Дело марсианцев - Олег Никитин 12 стр.


Глаза Парнушина блеснули, и он с готовностью метнулся к стойке. Трактирщик уставил на поэта вопрошающий и слегка недоуменный взгляд – дескать, как может граф и великий поэт Балиор якшаться с таким никчемным болтуном.

Получив от Тихона жест подтверждения, он наполнил посуду потребными напитками.

– Что ж, я готов сейчас же взять вас в прибыльное дело, ваше сиятельство, – заговорил вполголоса, но горячо Парнушин, когда уселся на место. – На днях я собираюсь выписать из Москвы наисовременнейшую прядильную машину, на ней один человек может управляться со ста веретенами. Входите в долю, и прибыль сообразно поделим. Десяти рублей только и не хватает. Обещаю, что никому и под пыткою не скажу, что вы купеческим ремеслом занялись, так что репутация ваша не пострадает.

– Не собираюсь я ничем таким заниматься, – возмутился Тихон. – Что за нелепица, сударь!

– Простите дурака, ваше сиятельство, – дурашливо съежился Парнушин. – Благодарствуйте за мирволение. Что ж, коли не деньги, так что вас волнует? Я же не идиот, да и без глазных стекол видать, что гнетет вас незримая заноза.

– Марсианцы, – кивнул Тихон. – Что слыхать, куда ветер дознания дует?

– Улетели, как не было. Нет нынче никого, кто бы о них не толковал, тут вы далеко не первый плевы собираете. А сказать-то и нечего, как ни прискорбно – всяк уже в городе божится, что огни воздухолетные видал и чудом пленения избегнул, вот до меня только пришлецам дела не было. А я и не в обиде.

Парнушин сардонически хохотнул и жадными глотками выдул половину кружки, однако без явного удовольствия – ему бы браги попроще, а тут токайским потчуют… Но критиковать вино бывший купец и не подумал, удовольствовался чем перепало.
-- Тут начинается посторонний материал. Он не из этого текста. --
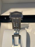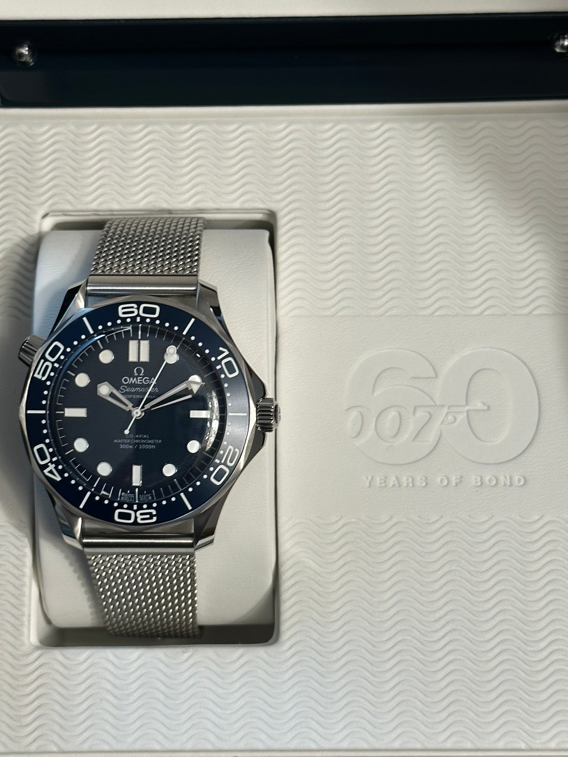 Launched in 2022, to celebrate 60 years of James Bond, this 42mm Seamaster Diver 300M in stainless steel, has a blue oxalic anodized aluminium dial, with laser engraved waves, inspired by the Seamaster Diver 300M worn by James Bond in 1995’s GoldenEye. A commemorative 60 replaces the diving scale’s traditional inverted triangle.

– Значит, сугубо пришлецами народ озабочен, башкир и прочих кошевников не подозревает, – проговорил граф Балиор с удовлетворением.

– А что, башкиры летать выучились? – остро глянул на него Парнушин.

– Комендант ничего иного не сказывал?

– Буженинов-то? Молчит аки рыба, да только не все с умыканием чисто… – Ярыга огляделся, будто заговорщик – видать, проверенные сведения показались честному пьянице недостаточным товаром за коновку дорогого вина, вот и решил восполнить пробел откровенными плевами. – Слыхали от жандарма, что дознание с ним проводил, будто бы той ночью в Собрание еще какие-то злоумышленники пробрались. Или только хотели, а их спугнул кто-то.

– Кто такие?

– Бабушка надвое сказала, ваше сиятельство… Всяк знает, что Манефу Дидимову марсианцы похитили, и говорить более нечего. Даже комендант в том нимало не сомневается! Свидетелей сыскалось не один десяток, кто воздухолет лично в небе наблюдал, и девицу в нем. И вы, сударь, не сомневайтесь. А кто там и за какой надобностью в Собрание пробирался, дела не меняет… Может, то еще с предыдущей ночи следы их остались, кому придет в голову в день машкерада туда пробираться? Мало лихоимцев ли на улицах?

– Следы, говоришь? И где их видали?

– Чего не знаю, того врать не буду, – с сожалением проговорил Парнушин и понюхал пустую кружку.

– Манефа Дидимова, значит, пока не найдена, – подытожил Тихон со смешанным чувством.

Как влюбленному в девицу, ему страстно желалось, чтобы она как можно быстрее воротилась в отчий дом и была тем самым избавлена от общества злобных татей. С другой же стороны, ее появление грозило разоблачением Акинфию и безнадежной утратою ста пятидесяти или более золотых рублей. Отдавать их в лапы злодеев, жестоко ранивших механика, было досадно.

Вся мешанина противоречивых эмоций отразилась на простодушном лице поэта, что вызвало нездоровый интерес бывшего купца:

– О том заведомо нельзя утверждать. Может, она тайно в отчий дом переправлена? Девица все-таки знатная, пересуды о таком приключении ей не к лицу… Да никак вы, сударь, подобно всем прочим юношам по барышне Дидимовой сохнете?

– То не твое дело, – отрезал Тихон.

– Оно конечно… Утешайтесь, однако, что вами последним ее прелестный лик был наблюдаем, – хмыкнул Парнушин.

– Все-то вы знаете, проныры, – в досаде заметил граф Балиор и отвернулся в сторону окну.

В этот день оно было довольно чисто – видать, супруга трактирщика вытерла копоть тряпкою, что случалось не так уж часто. Тихон в задумчивости отхлебнул чаю и стал было планировать дальнейшие поступки, отрешившись от сопения бывшего купца, скрипа колес, криков извозчиков и прочих шумов. Однако толком покумекать не вышло – глаз самым краешком уловил что-то необыкновенно знакомое.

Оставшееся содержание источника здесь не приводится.